The Waterman's Song: Slavery and Freedom in Maritime North Carolina. (Reviews).
Buchanan, Thomas C.
The Waterman's Song: Slavery and Freedom in Maritime North Carolina. By David S. Cecelski (Chapel Hill: University of North Carolina Press, 2001. xx plus 304 pp. 39.95 hb, 17.95pb).
Historians have understood the shaping impact of the maritime world on North American slavery for some time. Virtually every American history survey text includes maps showing the concentration of slaves along the oceans and inland waterways of antebellum America. From the earliest days of slavery until emancipation, slaves lived and worked in close proximity to water transportation.
Given the centrality of water commerce to the history of slavery, it is remarkable that historians have been slow to conceptualize the meaning of this water orientation for African Americans. In the voluminous literature on slavery no historian has fully addressed the basic question: how did the maritime world shape the experience of North American slaves and free blacks? David S. Cecelski's history of maritime North Carolina is the first full-scale study to address this important matter. His answers highlight slaves' remarkable opportunities for independent action in the maritime world. Without underplaying the harshness of the slave experience, he argues that slave and free black maritime workers provided the slave community with material subsistence and possibilities for liberty.

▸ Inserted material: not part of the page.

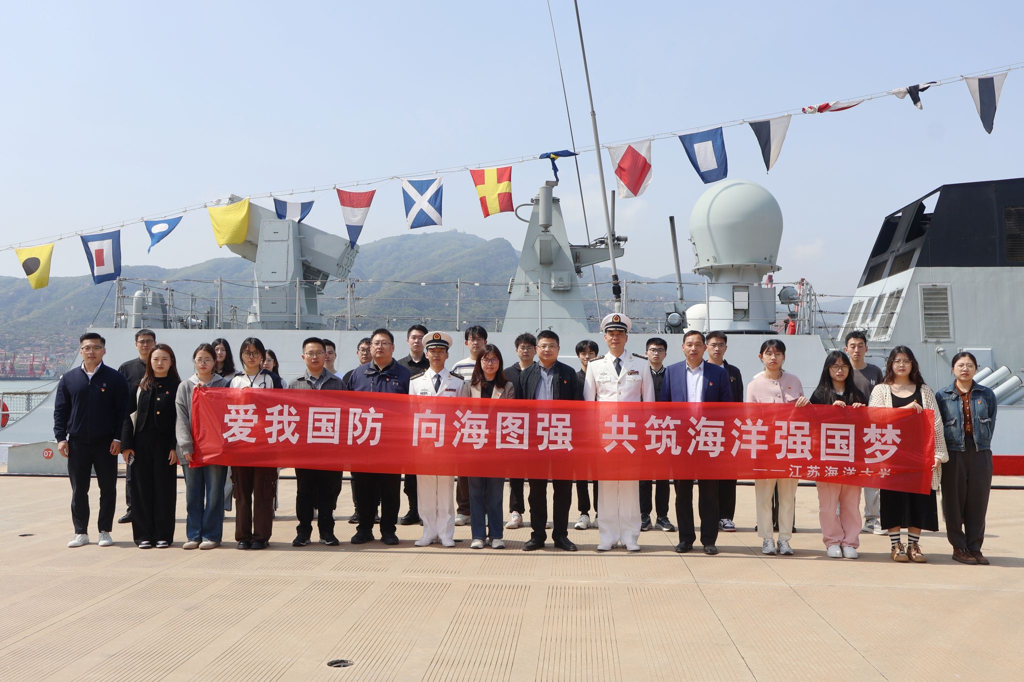 为加强师生国防意识和海洋意识,引导师生“知海学海爱海”,4月21日,计算机工程学院组织师生前往中国人民解放军海军某部开展了以“爱我国防、向海图强、共筑海洋强国梦”的蓝色思政教育交流活动。校党委常委、副校长朱国军,校人民武装部副部长张志浩,计算机工程学院党委书记唐瑶,党委副书记兰巍,全体辅导员以及部分学生党员共同参加了此次活动。

One of the key themes of the book is that the experience of maritime work varied. While a growing body of scholarship focuses on black sailors on the high seas, Cecelski's subjects work in a variety of jobs, most of which are closer to shore. In addition to revealing the lives of black schooner and lightermen, Cecelski discusses canal building, bateaux boating, rafting , levee work, and various kinds of fishing. Cecelski shows the difficulty of this work. His chapter on canal building makes the reader feel the horror of slavery. Wading in waist deep water in the swamps of coastal North Carolina, slaves were expected to clear trees, logs, and a jungle of vegetation, all the while evading insects and poisonous snakes. At the end of the day, slaves often slept unprotected in the mud. Even fishing was extremely arduous. While Cecelski illustrates the freeing mobility of fishermen and the significant impact of fish on the larger slave community's diet, he also shows the dangers of diving for oysters in the dead of winter. In the herring, rockfish, and shad fisheries, which flourished seasonally in the estuaries of the coast, slaves dove into murky waters to clear river bottoms of branches and stumps in order to create clear pathways for their nets. When manual methods failed, they used dangerous explosives.

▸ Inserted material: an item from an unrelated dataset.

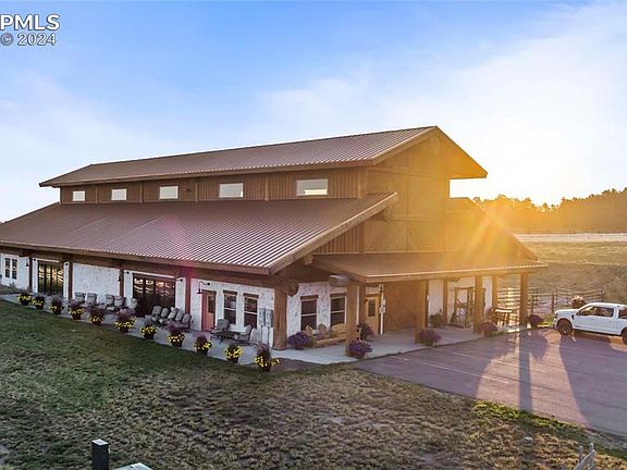 Auction Property: BIDDING OPEN: Bidding ends 9/26. This property has been placed in an upcoming Absolute auction. The list price is the opening bid only and does not indicate the reserve or sale price. Property is subject to a buyer's premium pursuant to the Auction Participation Agreement. Live the country life in the shadow of Pikes Peak and the Rampart Range. Currently home to “Flying Horse Ranch” and situated between Denver and Colorado Springs, this nearly 1,400 acre ranch property offers space to roam amidst gorgeous nature, a full complement of equestrian infrastructure, a 14,000 square foot Ranch House currently being used as a wedding venue, and a myriad of possibilities. Watch the four-season parade, from bears and mountain lions to elk, deer, and many species of birds. The estate conveys with significant water rights within 4 different aquifers. Horse lovers will appreciate the impressive equestrian amenities, supporting potential commercial opportunities such as sporting competitions, riding lessons, and boarding. Additional structures and amenities are well-suited to cattle, providing another avenue for the future. The primary Ranch House and two additional ranch residences offer thoughtful spaces and a foundation for future growth with easy access to I-25 and just 30 minutes from Colorado Springs and 1 hour from Denver.

Cecelski stresses the diversity of the African American maritime pursuits, but he shows that a culture of resistance connected them all. This resistant culture was shaped by a fluid network of contacts that connected the various sectors of the maritime world to each other and to shoreside slaves. Watermen were inherently worldly, even if they were just local fishermen. Ports such as Wilmington, New Bern and Camden provided a meeting place for slaves hungry for news and information. One of Cecelski's strongest chapters describes the importance of this maritime network to the success of slave escapes. Cecelski describes, with a precision absent in the literature, how slave escape networks connected plantations and coastal cities of Atlantic schooners. Black sailors helped runaways stow-away to freedom, risking imprisonment to challenge slavery.
Cecelski attempts to trace this culture of resistance into the eras of the Civil War and Reconstruction. His chapter on the war years brilliantly argues that slave waterman were important in bringing about Union victory and emancipation. By guiding federal vessels in occupied coastal North Carolina, serving in the Union navy, and spreading word of federal invasions inland, Cecelski shows the continued role of the maritime culture of resistance. Less successful is his description of Reconstruction. While the strength of this book is its attention to maritime work culture, Cecelski leaves this world during the Reconstruction era to tell the story of Abraham Galloway, a former slave who served in the North Carolina senate during Radical Reconstruction. Galloway was certainly an important leader of the black community during this pivotal period, but Cecelski does not concretely connect him to the maritime culture of resistance. His story seems a bit out of place.
The weakness of the Galloway chapter stems, in part, from a romanticization of maritime politics. Drawing on existing scholarship on eighteenth-century maritime culture, Celcelski defines these politics as "radical and Jacobinical" and suggests that there was a continuity from the eighteenth to the nineteenth centuries in the democratic ideas that defined maritime life. But this continuity is more asserted than proved. Specifically, one wonders to what extent racism infected maritime culture as the nineteenth century progressed. Cecelski concludes his study with discussion of an interracial fishing community on the outer banks but this was probably a fabulously interesting remnant of a long lost egalitarianism. Was the maritime world really immune to the racism that increasingly divided America's working class in this period?
These minor criticisms do not detract from this remarkable achievement. This book links race and the environment in creative ways. His account revises static models of slavery and emphasizes the fluid, dynamic nature of the slave economy. At the same time, his love of coastal North Carolina makes this a compelling study of an early American environment. The sights, sounds, and smells of the land and water are evident on every page. Cecelski has written a classic study that will be read widely.